Bei's Study Notes

General Relativity 06
Last updated: 2016-08-14 19:21:06 PDT.

Reference: UCI OpenCourseWare - GR 07 (Playlist)

Some remarks (Mach's Principle)

Starting from 39:00.

My Note: I've never been convinced of Mach's Principle. In fact, there has been many null results in testing Mach's principle. I don't know this has to be a thing in the first place.

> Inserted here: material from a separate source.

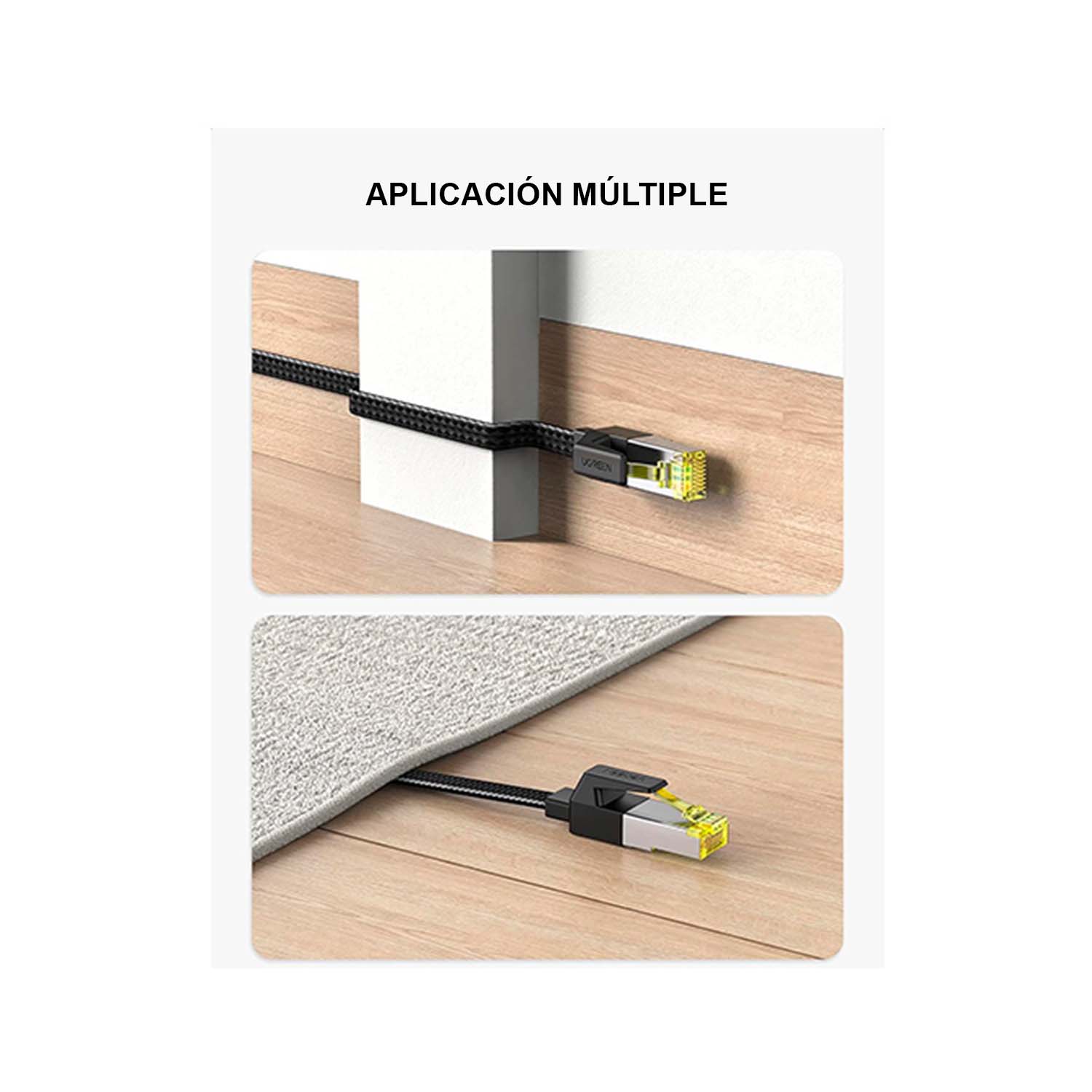 El cable Ethernet plano UGREEN Cat 7 adopta un diseño plano y delgado único, que permite una instalación más limpia y segura. Ya sea que quieras instalarlo debajo de la puerta, a través de la ventana o escondido debajo de la alfombra, puedes hacerlo muy fácilmente. Es muy adecuado para cableado interior.

Non-Cartitian coordinate system

Starting from 1:07:55.

Starting from an example:

$$ \xi^\alpha = \begin{cases} x &=& r \sin \theta \cos \phi \\ y &=& r \sin \theta \sin \phi \\ z &=& r \cos \theta \end{cases} \\ x^\alpha = \begin{cases} r &=& \sqrt{x^2 + y^2 + z^2} \\ \theta &=& \cos^{-1}(\frac{z}{r})\\ \phi &=& \tan^{-1}(\frac{y}{x}) \end{cases} \\ \eta_{\alpha\beta} =\delta_{\alpha\beta} $$

We will try to calculate the metric in this case. The Jacobian:

$$\begin{align*} \frac{\partial(x,y,z)}{\partial(r,\theta,\phi)} &= \left(\begin{array}{lll} \frac{\partial x}{\partial r}&\frac{\partial x}{\partial \theta}&\frac{\partial x}{\partial \phi}\\ \frac{\partial y}{\partial r}&\frac{\partial y}{\partial \theta}&\frac{\partial y}{\partial \phi}\\ \frac{\partial z}{\partial r}&\frac{\partial z}{\partial \theta}&\frac{\partial z}{\partial \phi}\\ \end{array}\right)\\ &=\left(\begin{array}{lll} \sin \theta \cos \phi & r \cos \theta \cos\phi & -r \sin \theta \sin \phi \\ \sin \theta \sin \phi & r \cos \theta \sin\phi & r \sin \theta \cos \phi \\ \cos \theta & -r \sin \theta \cos\phi & 0 \\ \end{array}\right)\\ g_{\mu\nu} &= \eta_{\alpha\beta} \frac{\partial \xi^\alpha}{\partial x^\mu} \frac{\partial \xi^\beta}{\partial x^\nu}\\ &= \frac{\partial x}{\partial x^\mu}\frac{\partial x}{\partial x^\nu}+ \frac{\partial y}{\partial x^\mu}\frac{\partial y}{\partial x^\nu} + \frac{\partial z}{\partial x^\mu}\frac{\partial z}{\partial x^\nu} \\ &= \left( \begin{array}{lll} 1 & 0 & 0\\ 0 & r^2 & 0 \\ 0 & 0 & r^2 \sin^2\theta \\ \end{array} \right)\\ \sqrt{\det g_{\mu\nu}} &= r^2 sin^\theta\\ ds^2 &= g_{\mu\nu}dx^\mu dx^\nu = dr^2 + r^2(d\theta^2 + sin^2\theta d\phi^2) \end{align*}$$

The inverse is simple:

$$\begin{align*} g^{\mu\nu} &= \left( \begin{array}{lll} 1 & 0 & 0\\ 0 & \frac{1}{r^2} & 0 \\ 0 & 0 & \frac{1}{r^2 \sin^2\theta} \\ \end{array} \right)\\ \Gamma^\lambda{}_{\mu\nu} &= -\frac{1}{2}g^{\mu\nu}(\partial g+\partial g-\partial g)\\ &= ... \end{align*}$$

The important takeaway is that $\Gamma$ is in fact not a tensor, for that it can be $0$ in some coordinate systems but non-zero in others, even in the same planar space.